## [Assignment]
Everything from the line with "A tejszínnel besűrítjük, a" to the line with "Чёрная юбка-карандаш для" in the listing below, both lines included, needs to be copied exactly, apart from the pictures.
### Given records
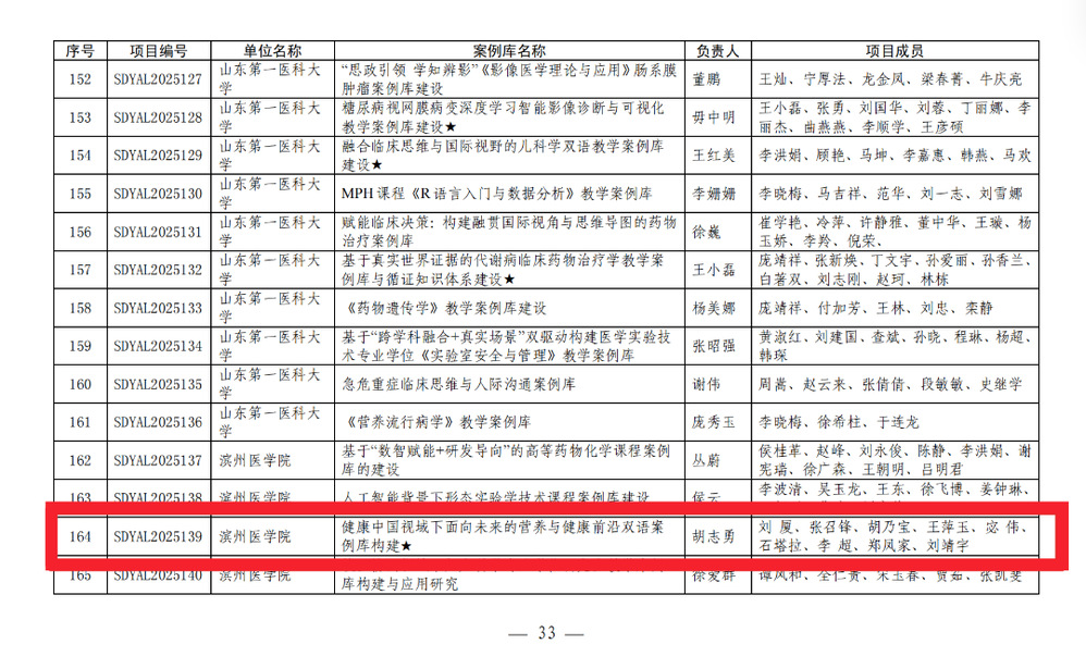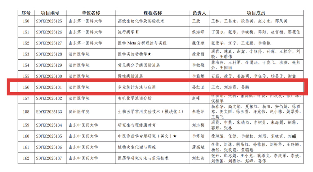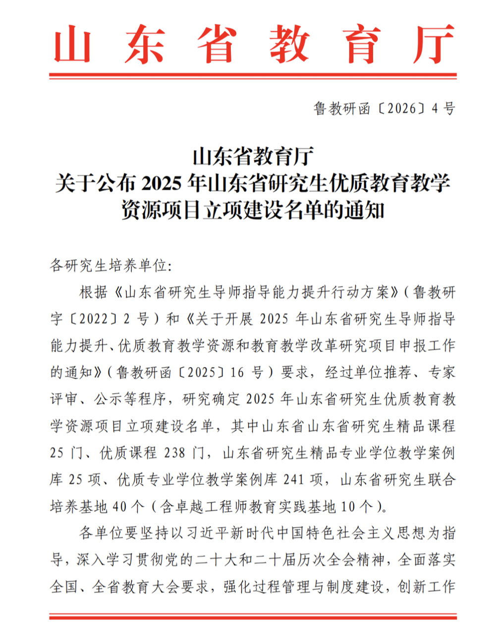 近日,山东省教育厅发布了《关于公布2025年山东省研究生优质教育教学资源项目立项建设名单的通知》(鲁教研函〔2026〕4号),公布了2025年度山东省研究生优质教育教学资源项目立项建设名单。我院孙红卫老师主持的《多元统计方法与应用》课程以及胡志勇老师主持的《健康中国视域下面向未来的营养与健康前沿双语案例库构建》项目,成功入选2025年山东省研究生优质课程立项建设名单。
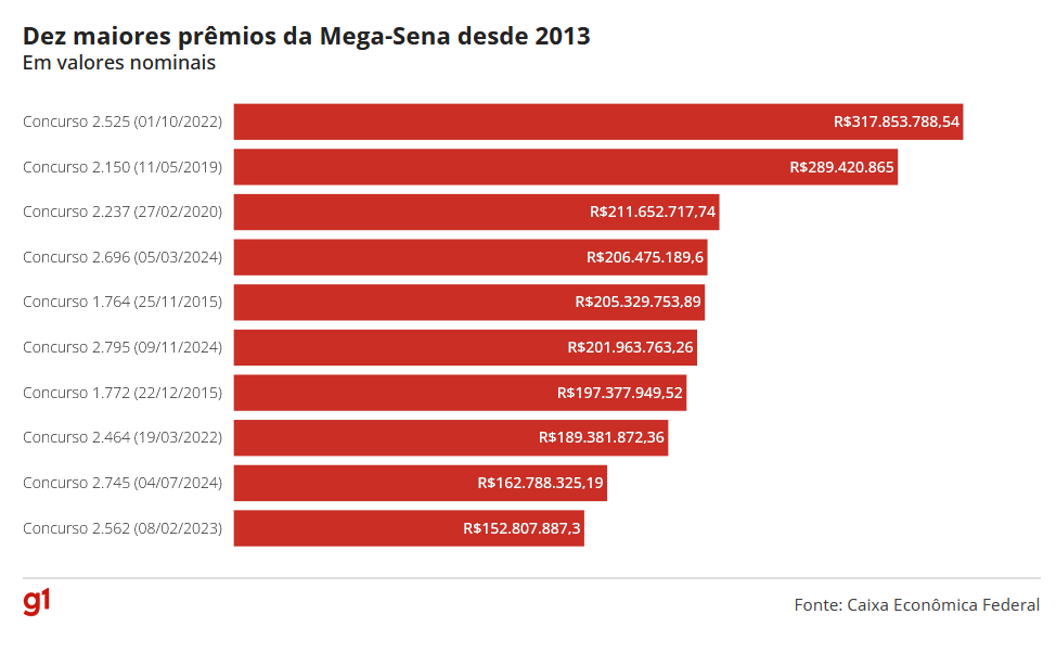 As apostas podem ser realizadas até as 20h (horário de Brasília) em qualquer lotérica do país ou por meio do site e aplicativo Loterias Caixa, disponíveis em smartphones, computadores e outros dispositivos.
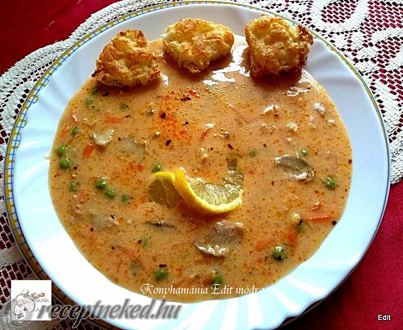 A tejszínnel besűrítjük, a citromot kiszedjük a levesből és tálaljuk.
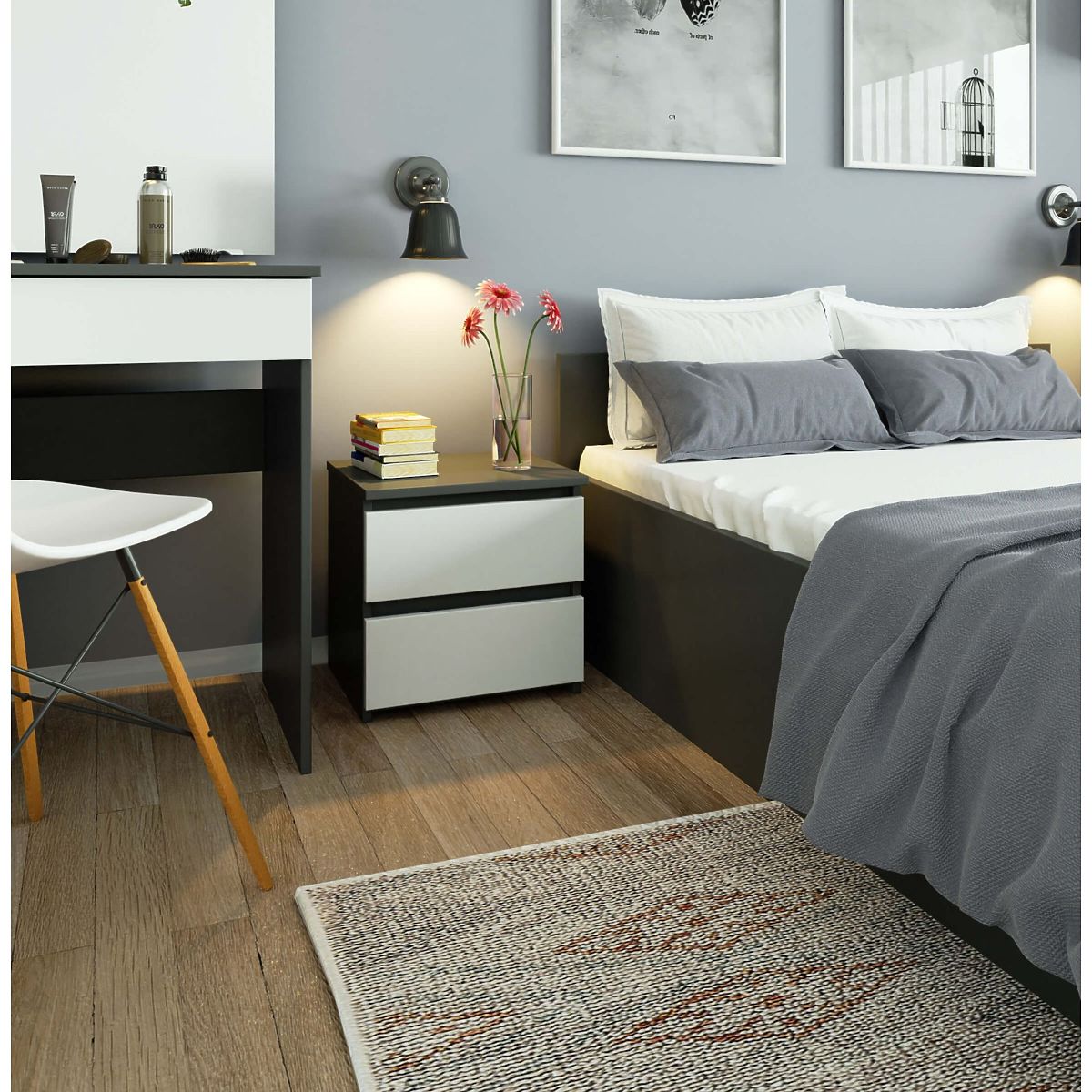 I comodini sono un tipo di arredamento popolare che si posiziona accanto al letto. Sulla sua superficie è possibile posizionare una lampada, mentre nei cassetti - oggetti importanti che migliorano la qualità del riposo e del sonno. Nella nostra offerta è disponibile il comodino CL2 40 cm nel colore grafite grigio con frontali bianchi. Appare elegante e moderno, ed è allo stesso tempo funzionale. Si adatta perfettamente a qualsiasi camera da letto e alla stanza dei giovani.
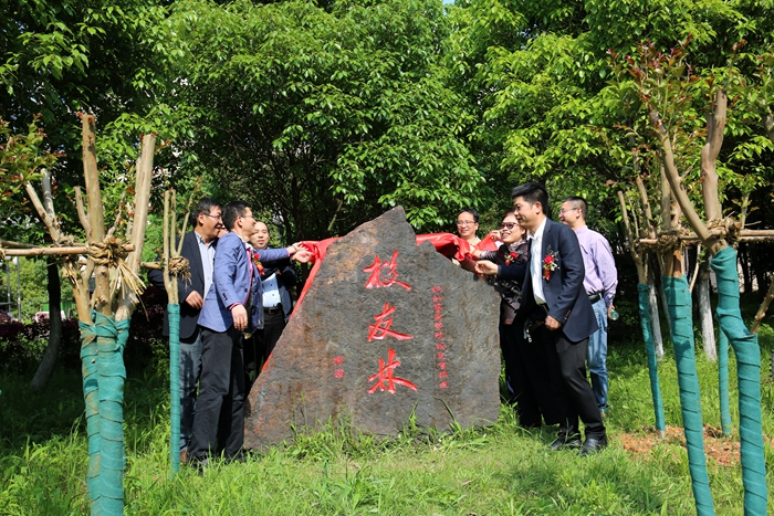 4月28日下午,由设计艺术学院校友会捐建的湖南商学院校友林落成揭牌仪式在岭南校区举行。设计艺术学院校友会执行会长蒋保荣、王献兵代表校友回校揭牌,校党委副书记夏继春,校友总会、设计艺术学院、后勤处相关负责同志出席仪式,设计艺术学院毕业生代表、学生代表参加揭牌仪式。
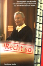 |  | Recht so 80 originale Strafurteile vom Amtsrichter Warnstädt aus dem Kriminalgericht Moabit »Warnstädt hat eine Mission - er demonstriert, daß man Recht auch in normaler Sprache sprechen kann.« (Jutta Voigt, Die Woche) Verlag Das Neue Berlin, 2003 Broschiert: 223 Seiten ISBN: 978-3-360-00993-7 Ab Mitte Juni 2007 in Neuauflage wieder lieferbar, Buch bestellen: | beim Verlag | | bei Amazon | | |
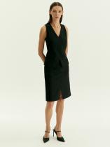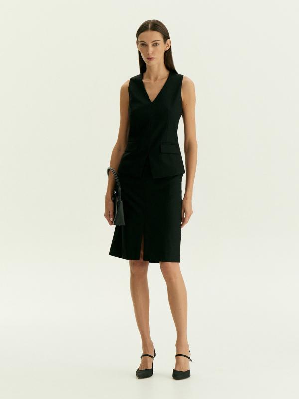 Чёрная юбка-карандаш для стильных и современных образов на каждый день. Модель средней посадки отличается разрезом спереди. Тонкий, но тёплый костюмный материал на четверть состоит из шерсти, выполнен с содержанием вискозы и добавлением эластана. Это идеальный вариант на демисезон и не только. Завершить образ с юбкой можно жилетом из комплекта.
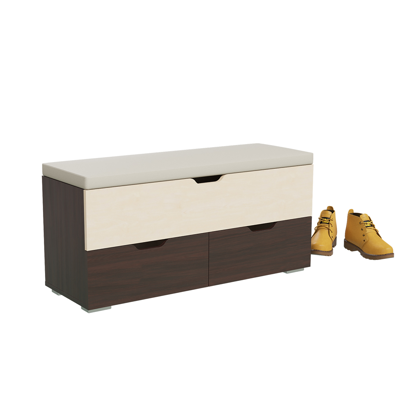Пуф имеет три самостоятельных отделения, две выдвижные нижние полки и одну большую секцию под сиденьем. Эти пуфы представлены в трех вариантах расцветки (на любой вкус и цвет можно подобрать расцветку под интерьер своей квартиры, помещения, где необходимо разместить этот пуф). Мы выбрали цвет дуб ривьера. Основной массив пуфа цвет похож на цвет свежей деревянной доски, сиденье в темно-коричневом цвете. Большой плюс - не маркость, т.к. мы покупали пуф для прихожей под обувницу. Сиденье удобное, мягкое. Размеры пуфа 1 м дины на 37 см глубины, что позволяет комфортно разместить пуф и в маленьких прихожах и в любом удобном уголке дома, т.к. места занимает компактно мало, а разместить внутри можно достаточное количество вещей и они всегда под рукой.
######
## [Your solution]
 A tejszínnel besűrítjük, a citromot kiszedjük a levesből és tálaljuk.
 I comodini sono un tipo di arredamento popolare che si posiziona accanto al letto. Sulla sua superficie è possibile posizionare una lampada, mentre nei cassetti - oggetti importanti che migliorano la qualità del riposo e del sonno. Nella nostra offerta è disponibile il comodino CL2 40 cm nel colore grafite grigio con frontali bianchi. Appare elegante e moderno, ed è allo stesso tempo funzionale. Si adatta perfettamente a qualsiasi camera da letto e alla stanza dei giovani.
 4月28日下午,由设计艺术学院校友会捐建的湖南商学院校友林落成揭牌仪式在岭南校区举行。设计艺术学院校友会执行会长蒋保荣、王献兵代表校友回校揭牌,校党委副书记夏继春,校友总会、设计艺术学院、后勤处相关负责同志出席仪式,设计艺术学院毕业生代表、学生代表参加揭牌仪式。
 |  | Recht so 80 originale Strafurteile vom Amtsrichter Warnstädt aus dem Kriminalgericht Moabit »Warnstädt hat eine Mission - er demonstriert, daß man Recht auch in normaler Sprache sprechen kann.« (Jutta Voigt, Die Woche) Verlag Das Neue Berlin, 2003 Broschiert: 223 Seiten ISBN: 978-3-360-00993-7 Ab Mitte Juni 2007 in Neuauflage wieder lieferbar, Buch bestellen: | beim Verlag | | bei Amazon | | |
 Чёрная юбка-карандаш для стильных и современных образов на каждый день. Модель средней посадки отличается разрезом спереди. Тонкий, но тёплый костюмный материал на четверть состоит из шерсти, выполнен с содержанием вискозы и добавлением эластана. Это идеальный вариант на демисезон и не только. Завершить образ с юбкой можно жилетом из комплекта.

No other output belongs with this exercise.